11/01/2011

Influencing craving for cigarettes by stimulating the brain


Targeted brain stimulation increases cigarette cravings, a new study in Biological Psychiatry has found, which may ultimately lead to new treatments that reverse these effects. Cues associated with cigarette smoking, such as watching someone else smoke, elicit craving and may provoke relapse when smokers are attempting to quit. 


There are many methods that smokers use in an attempt to reduce their craving for cigarettes, including efficacious pharmacologic treatments such as nicotine patches, and alternative approaches such as hypnosis and acupuncture. Scientists have long suspected that these diverse approaches might work through a common mechanism -- the reduction of activity in a brain circuit that is responsible for cigarette craving. 

This hypothesis is supported by human functional brain imaging studies, which consistently report the activation of several brain regions during craving that involve regions in the cerebral cortex as well as the limbic system, a brain circuit involved in emotion. 

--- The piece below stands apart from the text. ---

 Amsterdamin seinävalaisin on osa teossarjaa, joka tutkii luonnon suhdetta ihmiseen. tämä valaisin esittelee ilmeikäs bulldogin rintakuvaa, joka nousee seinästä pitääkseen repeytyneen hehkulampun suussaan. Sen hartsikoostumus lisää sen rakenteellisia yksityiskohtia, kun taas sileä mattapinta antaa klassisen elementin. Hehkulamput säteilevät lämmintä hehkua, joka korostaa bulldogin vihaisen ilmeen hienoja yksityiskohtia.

Building on these brain imaging studies, scientists at the Center for Nicotine and Smoking Cessation Research at Duke University Medical Center manipulated this ‘craving circuit’ activity using transcranial magnetic stimulation (TMS), a non-invasive technique that uses electromagnetic currents to target specific or general areas of the brain. Depending upon the frequency used, it can either stimulate or depress brain activity. 

The researchers found that the delivery of repeated TMS to the superior frontal gyrus at high frequency (10 Hz) increased craving for cigarettes. 

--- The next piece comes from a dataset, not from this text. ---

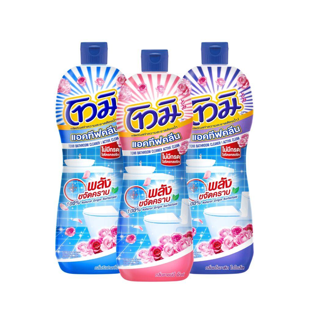 โทมิ ผลิตภัณฑ์ทำความสะอาดห้องน้ำ แอคทีฟคลีน สูตรไร้กรดไฮโดรคลอริก มือปราบคราบสกปรกที่จะช่วยให้การล้างห้องน้ำเป็นเรื่องง่ายดาย หมดปัญหาเคืองตาแสบจมูก ไร้กลิ่นฉุนขณะล้างทำความสะอาด เพราะปราศจากส่วนผสมของกรดไฮโดรคลอริก ที่เป็นอันตรายต่อระบบทางเดินหายใจ มาพร้อมประสิทธิภาพในการขจัดคราบสกปรกได้หลากหลายพื้นผิวในห้องน้ำ โดยไม่กัดกร่อน ไม่ทำลายพื้นผิว ร่องกระเบื้อง และสุขภัณฑ์ ให้กลิ่นหอม ไม่ฉุน อ่อนโยนด้วย 100% Natural Origin Surfactant มีผลทดสอบการระคายเคือง หมดปัญหากลิ่นไม่พึงประสงค์ มี 3 สี 3 กลิ่น ให้เลือกใช้ตามความชื่นชอบ ได้แก่ ชายน์นี่พิ้งค์ (สีชมพู),  อโรมาติก ไวโอเล็ต (สีม่วง) และ รีเฟรชชิ่ง บลู (สีฟ้า) ขนาด 700 มล.  ราคา 60 บาท

“We directly stimulated a frontal brain region using magnetic fields and showed that it exaggerated smokers’ craving for cigarettes when they viewed smoking related cues. By gaining a better understanding of how the brain influences craving responses, strategies for blocking these responses can be devised and ultimately more effective smoking cessation treatments may be developed,” explained Dr. Jed Rose, one of the study authors. 

However, they did not find that low frequency (1 Hz) stimulation reduced craving. Thus, a potential intervention that may have reduced the activation within this circuit did not produce the opposite effect. 

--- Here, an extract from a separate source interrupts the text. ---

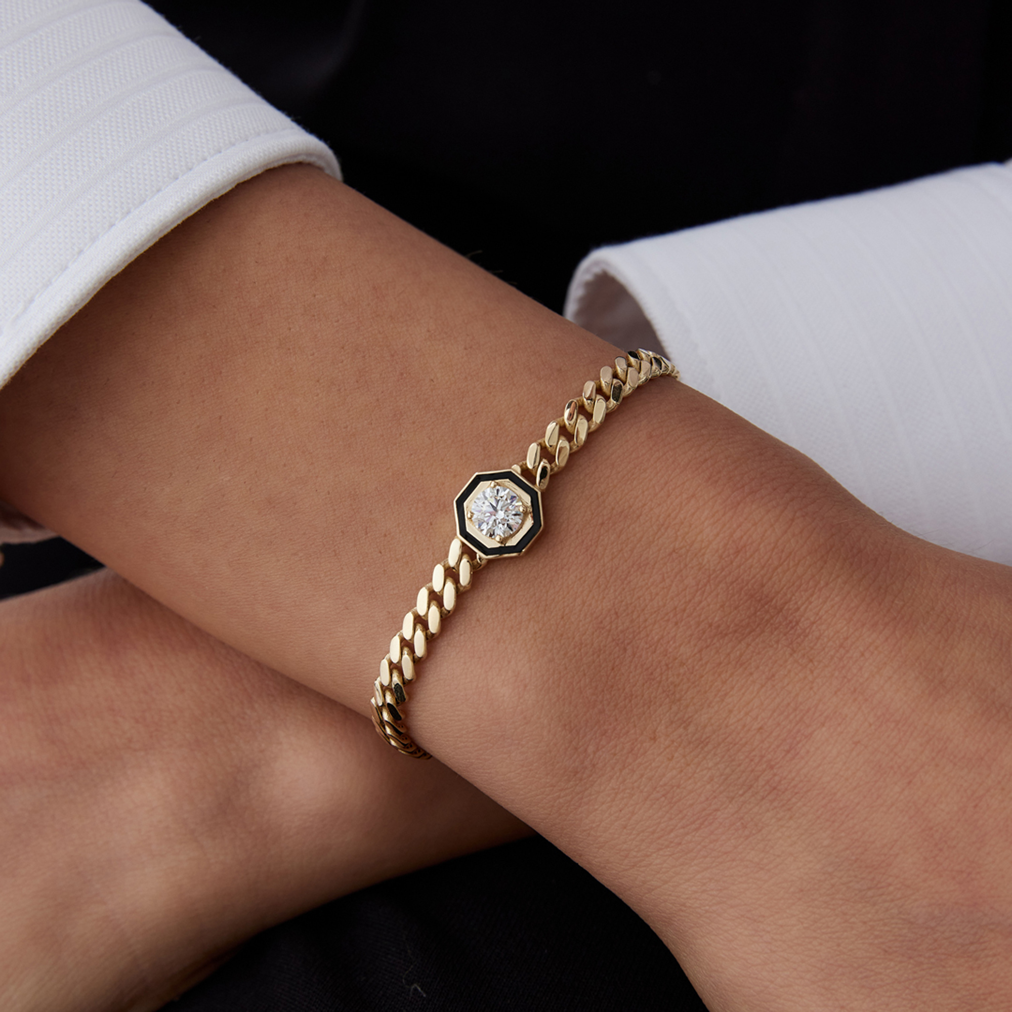Tektaşlı Siyah Mine Sekizgen Bileklik - 1

Nonetheless, the high frequency stimulation reduced craving when participants were viewing nonsmoking cues. Moreover, the ability of smoking to satisfy craving, a rewarding effect that helps keep smokers “hooked,” was partially blocked by high frequency stimulation. These effects need to be explored for potential therapeutic applications. 

“This elegant study implicates the superior frontal gyrus in controlling the activity of the craving circuit,” commented Dr. John Krystal, Editor of Biological Psychiatry. “Additional research will be needed to determine the potential value of repetitive TMS as a treatment for smoking.”